FESTA DI OGNISSANTI

 

ognissanti

Hymnus

Placare, Christe, servulis,

Quibus Pátris clementiam

Tuæ ad tribunal grátiæ

Patrona Virgo póstulat.

Et vos beáta, per novem

Distincta gyros ágmina,

Antíqua cum præsentibus,

Futúra damna péllite.

Apóstoli cum vatibus,

Apud severum Júdicem,

Veris reorum flétibus

Exposcite indulgéntiam.

Vos purpurati mártyres,

Vos candidati præmio

Confessiónis, éxsules

Vocate nos in pátriam.

Chorea casta vírginum,

Et quos erémus íncolas

Transmísit astris, cælitum

Locáte nos in sédibus.

Auférte gentem pérfidam

Credéntium de fínibus,

Ut unus omnes únicum

Ovíle nos pastor regat.

Deo Patri sit glória,

Natóque Pátris unico,

Sancto simul Paráclito,

In sempitérna sæcula.
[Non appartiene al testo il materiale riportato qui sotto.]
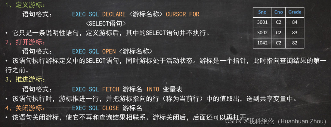 • SQL语言是面向集合的,一条SQL语句可以产生或处理多条记录。而主语言是面向记录的,一组主变量一次只能放一条记录,所以,引入游标,通过移动游标指针来决定获取哪一条记录。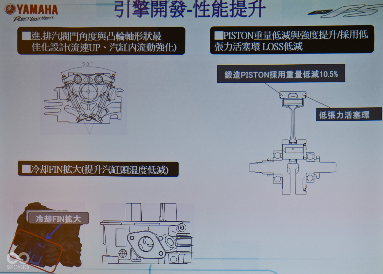 動力輸出上YAMAHA透過改變凸輪角度、減少活塞重量、增加缸頭散熱效果和提升傳遞效率,使JOG FS在性能表現上比起RS ZERO高出23%以上。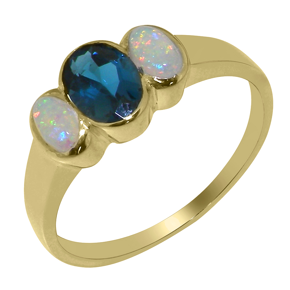 Solid Yellow Gold Natural London Blue Topaz & Opal Womens Trilogy Ring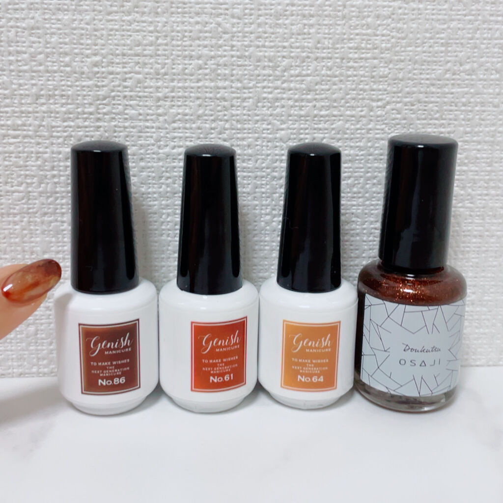 ジーニッシュマニキュアメモ🐱NO.64『オールドアンバー』2度塗り色はとてもかわいくて大好きだけど塗るのが難しいので★4にしました😭1度塗りではかなりムラになったけど2度塗りでジェルみたいに厚めに塗ったらそこまでムラは気にならなくなりました🙌...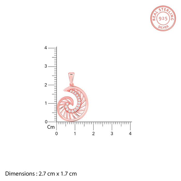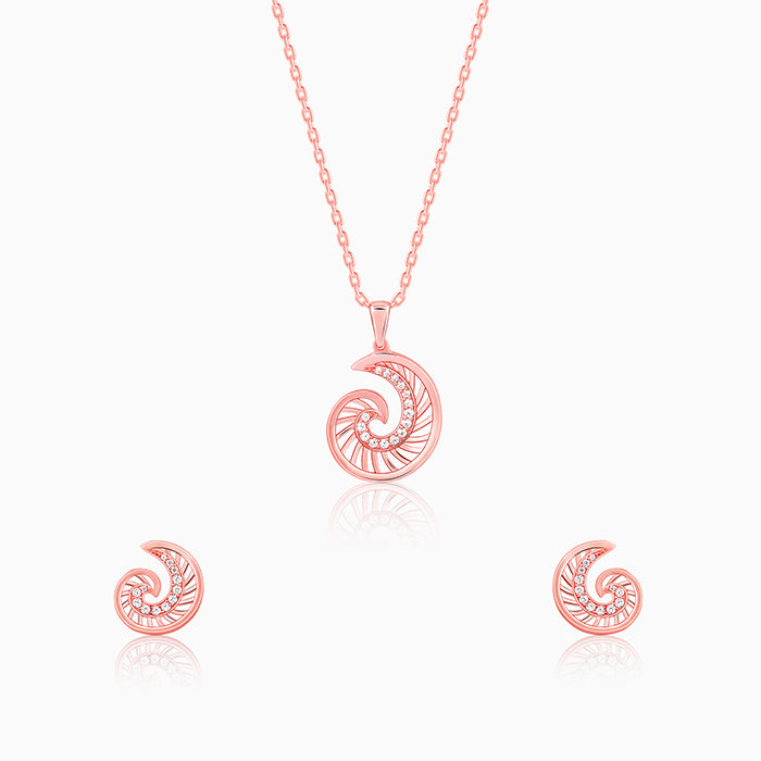 This rose gold set has a pendant and a pair of earrings, each featuring a volute shape with line designs adorned with zircons in the inner curve.
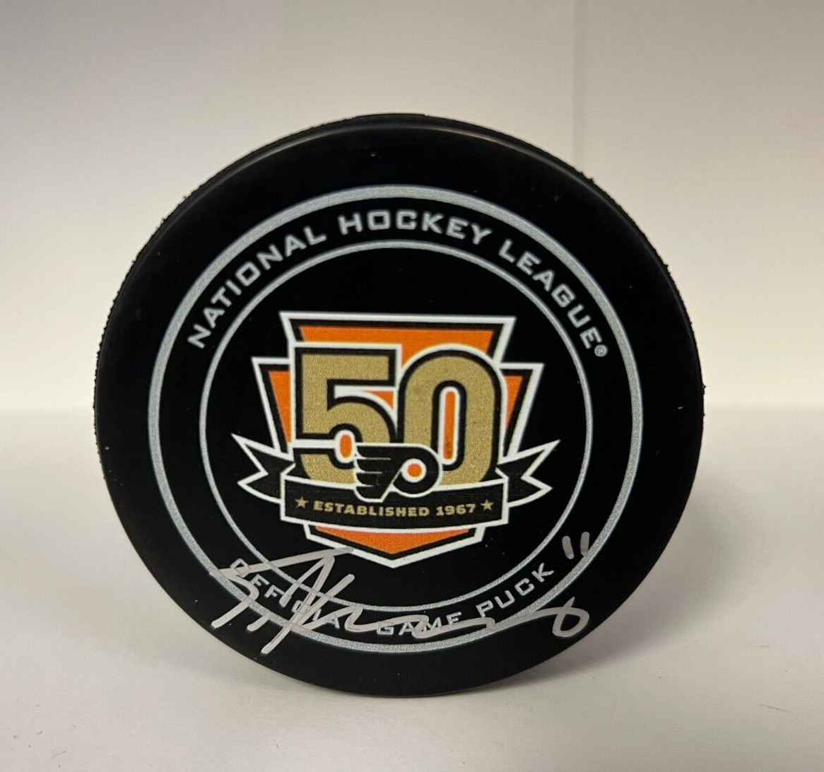 TRAVIS KONECNY FLYERS 50TH ANNIVERSARY SIGNED AUTOGRAPHED HOCKEY PUCK JSA AUTH COLLECTIBLE MEMORABILIA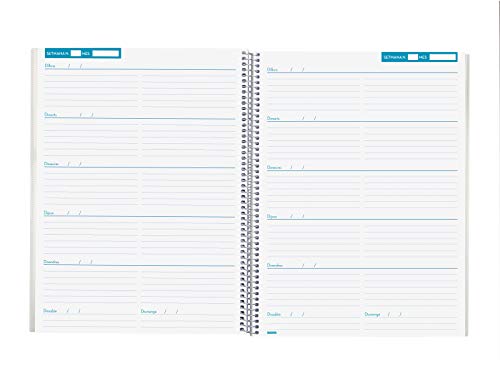 Interno: pagina settimanale. Visione completa di due settimane in paesaggio che consente la scrittura naturale. Rendimento senza data, 46 settimane (valido per un corso lezione).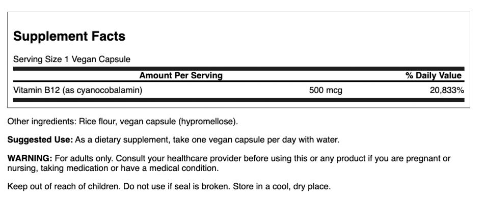 | Vitamin B-12 USP (as cyanocobalamin) | 500 mcg | 20,833% |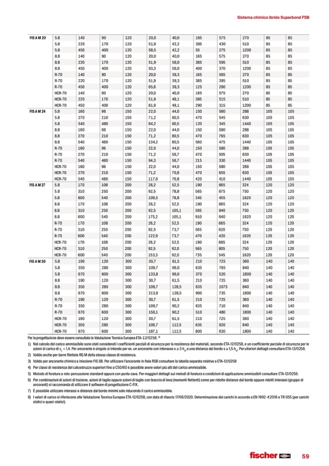 8) IvaloridicaricosiriferisconoallaValutazioneTecnicaEuropeaETA-12/0258,condatadirilascio17/06/2020.DeterminazionedeicarichiinaccordoaEN1992-4:2018eTR055(percarichi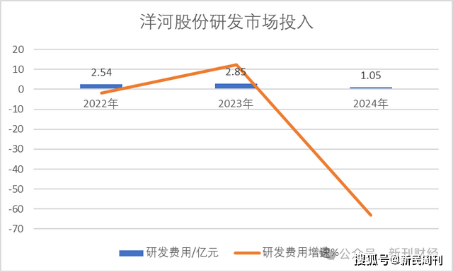 洋河的研发投入呈现明显收缩态势,2022-2024年间,公司研发费用从2.54亿元小幅增长至2.85亿元后,在2024年骤降至1.05亿元,同比降幅达63.2%,呈现断崖式下跌。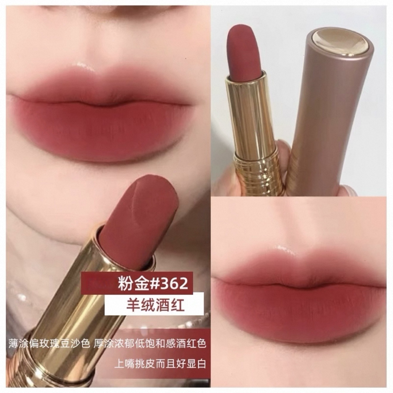 • 핑크 골드 튜브 362 매트 # 캐시미어 버건디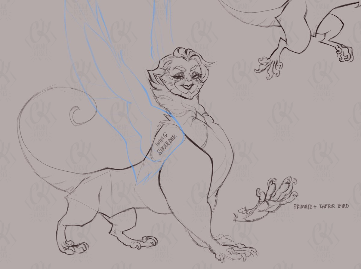I think I want them to be more primate-like while still retaining raptor bird functionalities. He always had those feral monkey vibes anyhow, looking at baboons specifically

Amen.

[Ti placa, o Cristo, coi servi, per i quali la clemenza del Padre implora, presso il tribunale della tua grazia, la Vergine patrona. E voi, schiere beate in nove cori distinte, gli antichi, presenti e futuri mali da noi allontanate. Apostoli e Profeti, presso il severo Giudice al sincero pianto dei rei, implorate clemenza. Voi, porporati Martiri, voi, candidi e gloriosi Confessori, da questo esilio chiamateci alla patria. Casto stuolo delle Vergini, e quanti dall’eremo migraste a popolare il cielo, nelle sedi locateci dei celesti. Sperdete la gente perfida di mezzo ai credenti, onde tutti in unico ovile ci governi un sol Pastore. Sia gloria a Dio, Padre, e al Figlio suo unigenito, insieme collo Spirito Paraclito, per i secoli eterni. Amen.]

 

FESTA DI TUTTI I SANTI

La festa della Chiesa trionfante.

[Dom Gueranger, “l’anno liturgico” vol. II]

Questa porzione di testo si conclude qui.